* [Your assignment]: Print the lines that start the entries and continue through the one holding "Piatto in maiolica", please, exactly and with the pictures omitted.

Records from a collection
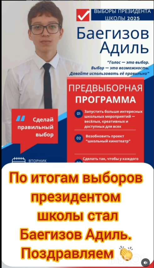 Дауыс беру қорытындысы бойынша 10 сынып оқушысы Баегизов әділ *президент болды.
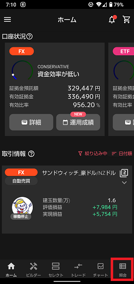 以上で「サンドウィッチ_豪ドル/NZドル」は全決済されました。確認画面に書いてある通り、いちいち事前に稼働停止しなくても「一括決済」すれば自動売買は停止します。副次効果として評価損益8000円弱ゲットだぜ!
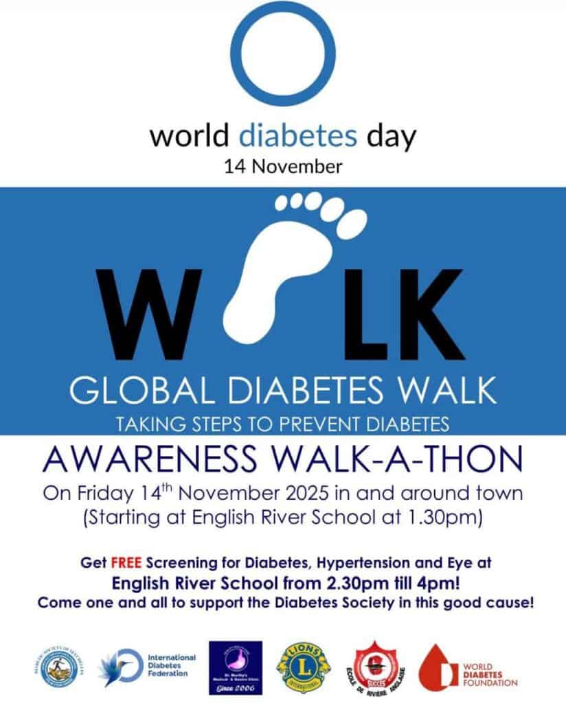 What’s On Mahé? Walk Global Diabetes Day 🕗 1:30 PM 📍English River school – Mahé💰 Free for all
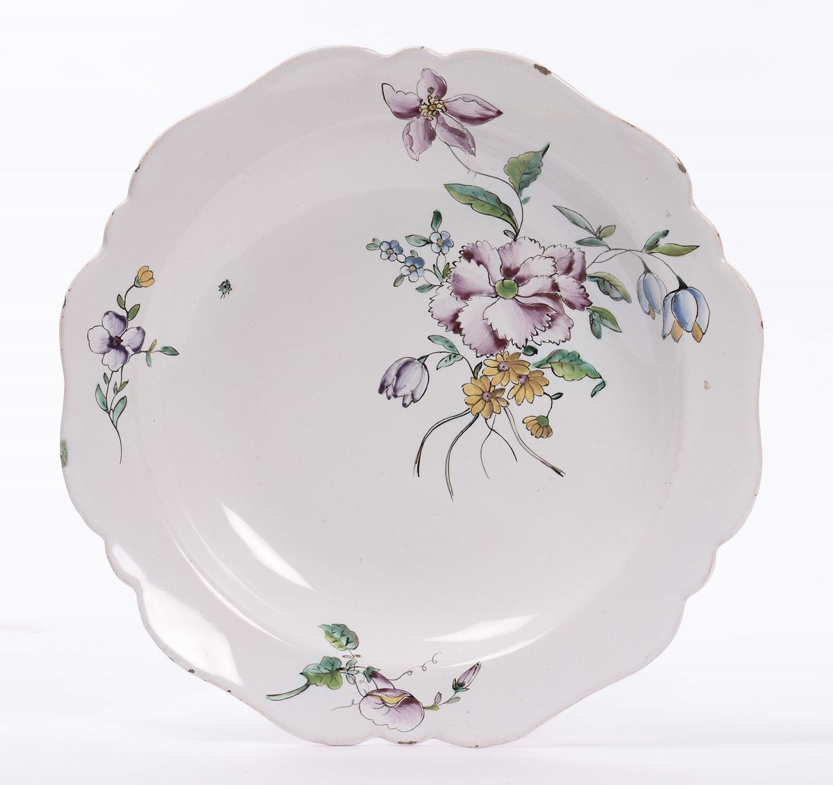 Piatto in maiolica a decoro policromo floreale, XIX secolo
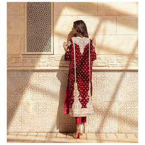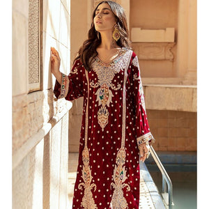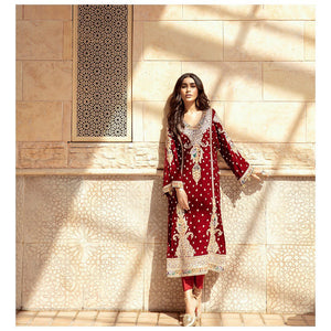 A beautiful shade of deep red velvet, with a variety of different hand embroidery techniques running along the shirt. Complete it with a stunning organza and velvet dupatta with intricate finishing along with straight rawsilk pants. This outfit is definitely going to be your favourite this winter season.The shipping charges for all articles barring Bridals are as follows:
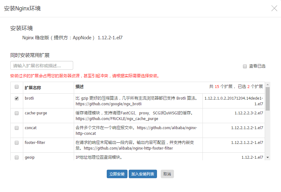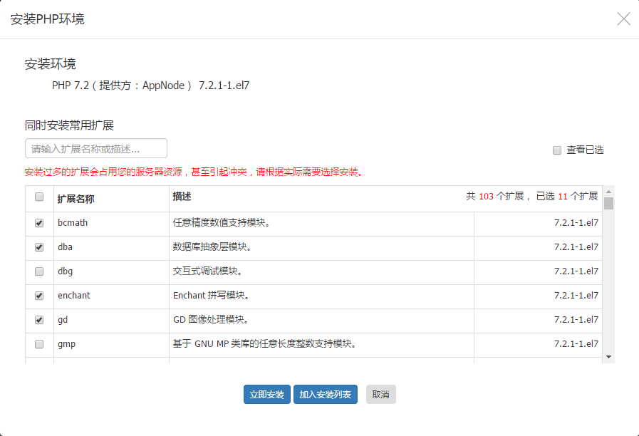 APPNODE为选择安装PHP7.2的用户 默认勾选了11个常用扩展,我们这里建立一个普通论坛,使用APPNODE默认推荐的就可以。请一定要按需安装拓展,多个拓展会造成冲突,比如我之前就测试全部拓展都安装,那根本就安装不上.
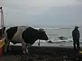 De las alturas vecinas al E. cae al mar una punta medianamente alta y escarpada con uno que otro arrecife á su extremo, y en ellos naufragó en 1858 el vapor «Valdivia» de la compañía inglesa de navegación.[6]
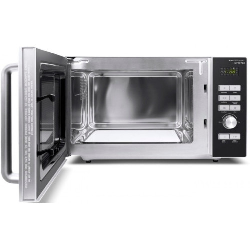 Микроволновая печь CASO MI 30 Ceramic печь с керамическим поддоном вместимостью 30 литров. Керамическое дно распределяет потоки волн в трех направлениях, поэтому блюдо готовится равномерно. 6 уровней мощности СВЧ, 8 автоматических программ. Оборудование отличается простотой в эксплуатации: достаточно установить необходимую программу. Таймер рассчитан на 95 минут. По окончанию приготовления устройство издает звуковой сигнал (возможно отключение). Если в момент открывания устройство работает, то программа будет прервана. Для обеспечения безопасности предусмотрена функция блокировки от детей. Внутреннее покрытие выполнено из нержавеющей стали. Липкий налет и жир с легкостью удаляется со стенок при помощи влажной ткани или салфетки. Напряжение 220-240 В 50/60 Гц Объем (л) 30 Внутреннее покрытие нержавеющая сталь Возможность отключения звукового сигнала + Количество автоматических программ 8 Количество уровней мощности 6 Мощность СВЧ (Вт) 1000 Передняя панель зеркальная Поддон керамический Подсветка + Таймер (мин) 95 Часы +
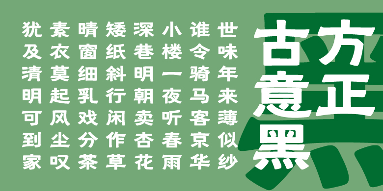设计灵感起初源自碑刻的隶书作品,将方笔隶书的书写感与黑体的现代感相结合,创造具有人文气息的中文黑体设计。字体吸收了隶书笔画中丰厚饱满的动态曲线,特别是波横的起收笔,使字形在视觉上具有向外扩张的感觉,增强了整体的动态美。在部分笔画的设计上,采用对称的设计方式,在保持字形部件识别度与合理性的前提下,赋予字形更多的新鲜感。同时,结合现代黑体的字面比例,在编排过程中展现出极高的适配性,适用于多种场景,包括但不限于书籍出版、海报设计、广告宣传等。
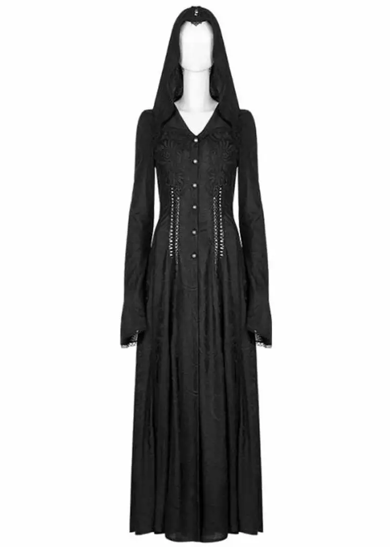 This beauty is made of a smooth fabric with a breathtaking pattern of plants with thorns and has stretch, which makes her fall gorgoeously heavy around your body. She closes withbuttons in the front underneath the low v-neck and falls open from there, so she’s perfect to be worn over another dress or leggings. The back is decorated with a delicate lacing and the long, flaring sleeves are adorned with a lace edge.
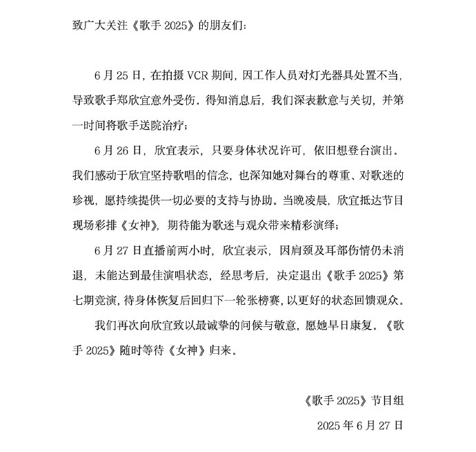 6月27日,《歌手2025》第7期节目如约而至。这一周是张榜赛,节目也迎来了郑欣宜、火星电台两组补位歌手。
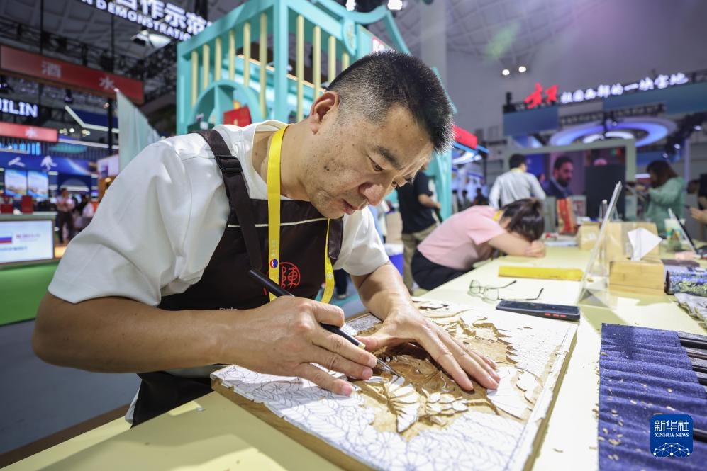 4月15日,东阳木雕传承人在消博会现场雕刻木雕。东阳木雕是国家级非物质文化遗产。

* [Answer to this exercise]:
 Дауыс беру қорытындысы бойынша 10 сынып оқушысы Баегизов әділ *президент болды.
 以上で「サンドウィッチ_豪ドル/NZドル」は全決済されました。確認画面に書いてある通り、いちいち事前に稼働停止しなくても「一括決済」すれば自動売買は停止します。副次効果として評価損益8000円弱ゲットだぜ!
 What’s On Mahé? Walk Global Diabetes Day 🕗 1:30 PM 📍English River school – Mahé💰 Free for all
 Piatto in maiolica a decoro policromo floreale, XIX secolo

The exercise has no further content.